Without SUTVA, each unit's outcome depends on the full treatment vector ( `$2^N$` potential outcomes):

`$$Y_i = Y_i(\mathbf{D}) = Y_i(D_1, D_2, \ldots, D_N)$$`

SUTVA simplifies this to `$Y_i(\mathbf{D}) = Y_i(D_i)$` — just 2 potential outcomes per unit.

With SUTVA, observed outcome and ATE are well-defined:

`$$Y_i^{obs} = D_i \cdot Y_i(1) + (1 - D_i) \cdot Y_i(0), \qquad \tau = E[Y_i(1) - Y_i(0)]$$`

Without SUTVA, the "average direct effect" depends on everyone else's assignment `$\mathbf{d}_{-i}$`:

`$$\tau(\mathbf{d}_{-i}) = E[Y_i(1, \mathbf{d}_{-i}) - Y_i(0, \mathbf{d}_{-i})]$$`

---
name: interference-types

# Backup: Taxonomy of Interference

**Direct interference:** unit `$j$`'s treatment directly changes unit `$i$`'s outcome.
- Example: vaccinating `$j$` reduces `$i$`'s infection probability.
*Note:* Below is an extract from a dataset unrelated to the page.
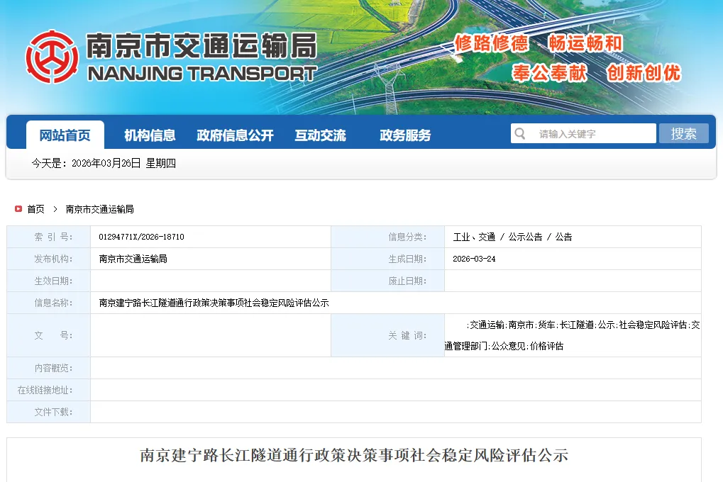 近日,南京交通运输局发布了《南京建宁路长江隧道通行政策决策事项社会稳定风险评估公示》,就拟定的通行政策向社会各界征求意见和建议,公示时间为2026年3月24日至2026年4月7日。

**Indirect interference (through market/prices):** treatment changes an equilibrium variable that affects everyone.
- Example: subsidizing some sellers lowers the market price, affecting all sellers.

**Behavioral interference:** treatment changes `$j$`'s behavior, and `$i$` observes and responds.
- Example: co-author `$j$` learns about reporting standards and shares this knowledge.

**Mechanical interference:** the experimental design itself creates interference.
- Example: in a waitlist design, adding someone to treatment removes them from control, changing the control group composition.

---
name: ge-formal

# Backup: Partial vs General Equilibrium — Formal

Let `$p$` denote a market-clearing price and `$\alpha$` the fraction treated.

**Partial equilibrium** (small `$\alpha$`): price is approximately fixed at `$p_0$`.

`$$\hat{\tau}_{PE} = E[Y_i(1, p_0)] - E[Y_i(0, p_0)]$$`

**General equilibrium** (large `$\alpha$`): price adjusts to `$p(\alpha)$`.

`$$\tau_{GE}(\alpha) = E[Y_i(1, p(\alpha))] - E[Y_i(0, p(\alpha))]$$`

The experiment estimates `$\hat{\tau}_{PE}$`, but the rollout delivers `$\tau_{GE}(1)$`.

The gap depends on how much `$p$` moves and how sensitive outcomes are to `$p$`:

`$$\hat{\tau}_{PE} - \tau_{GE}(1) = \underbrace{(p_0 - p(1))}_{\text{price change}} \times \underbrace{\frac{\partial}{\partial p}[E[Y_i(1,p)] - E[Y_i(0,p)]]}_{\text{differential price sensitivity}}$$`

This is a first-order approximation. In practice, you often cannot sign this without structural modeling.